Make Your Hot Mess, Your Hot Message! by Andrea C. Imafidon
"Lessons often come dressed up as detours and roadblocks." -Oprah
At 31 years young, I am learning that there is a time and place in which we should take off our mask and show another side to us. At times, you become tired of holding it together and want to fall apart only to pick up the pieces. Currently, I am in a vulnerable place in which I want to share a piece of my story to depict my journey from turning my mess into a message, my trial into a triumph and going from being a victim into a victor.
In 2010, I found myself residing in Chicago, in the valley, on the verge of a divorce and at a pinnacle of my life. I was a HOT MESS! Day in and day out, I was having an out of body experience and living life on autopilot because it felt like my life was crashing down all around me.
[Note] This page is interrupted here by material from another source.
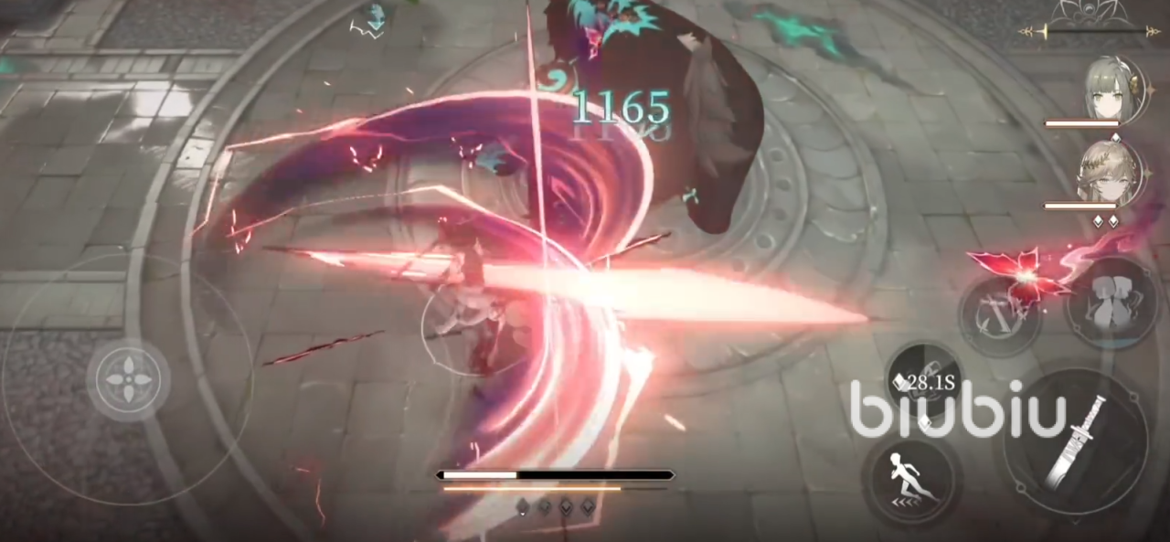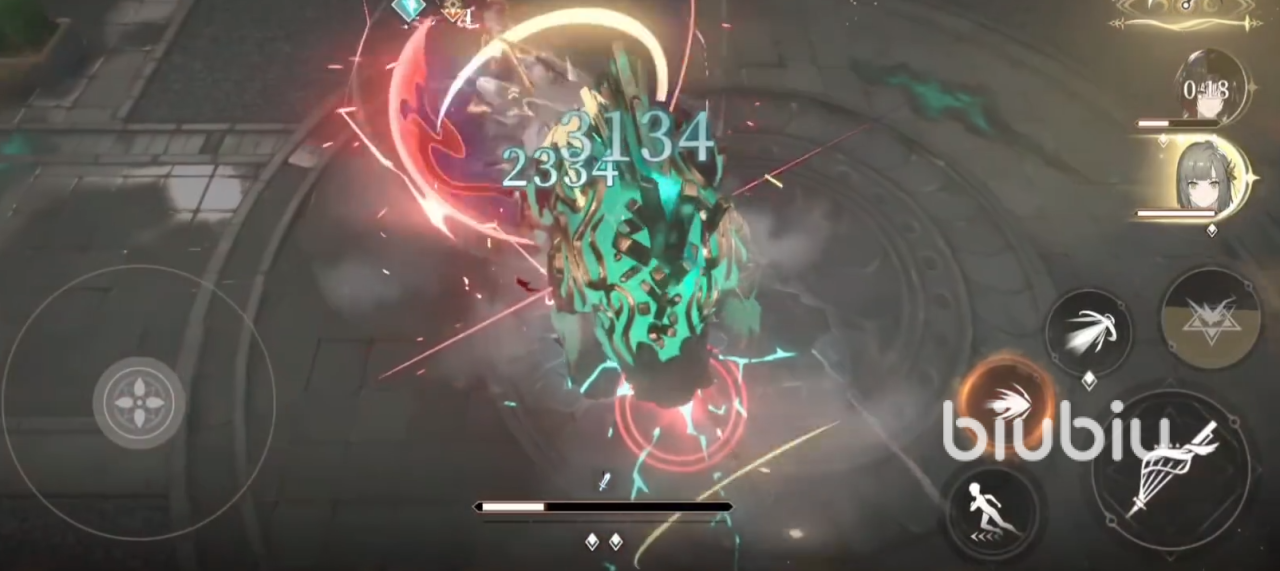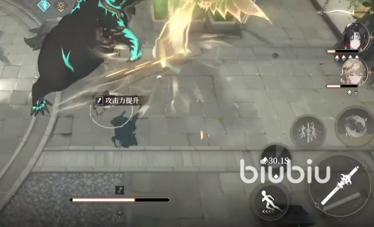 不过这时他的血量依旧健康,接着还是按照这些流程去打。等你的主C角色技能进入冷却时间之后,就可以切换成为萝歌丝。一方面可以继续输出,另外一方面得挂上增伤的buff,然后用又能够挂上治疗能力;治疗过后,就能继续安心攻击了。
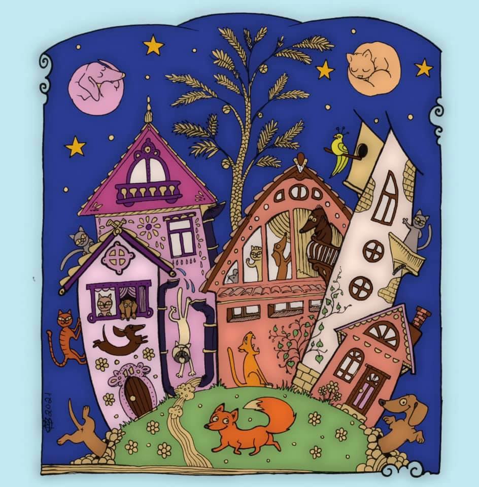 Раскраска таксы и кошки Автор: Marika Stanovoi готовораскрашено Шарон Бойес-Шиллер раскраска 803 Пожаловаться

Yes, I lived in a nice neighborhood, in a decent, new renovated but expensive apartment within the Hyde Park neighborhood only a few blocks away from The Obamas residence and Jessie Jackson's PUSH Coalition, Headquarters but I was feeling less than Presidential? Because I was feeling broken, hopeless and angry. I asked myself 'Why' so many days and nights. I had plenty of ugly crying sessions, praying sessions and pity parties.
One day while sitting in my Downtown Chicago cubicle, one of my coworker who I appreciate dearly and helped me to discovered my strength through the muck and mess that I was in. She looked at me while I was on the verge of a breakdown and kindly but firmly said to me, 'Andrea, you are such an amazing and talented woman, you are wasting your time and talents in Chicago.' Go home to your family because you need them. At first, I was highly upset because she called me out on my ish! Honestly, I thought I had myself together because I was thriving at work but dying on the inside because I was going through it! I had to accept and take ownership that I was a temporary hot mess. How did she realize that I was a hot mess? I thought I had my stuff together but I was entirely wrong!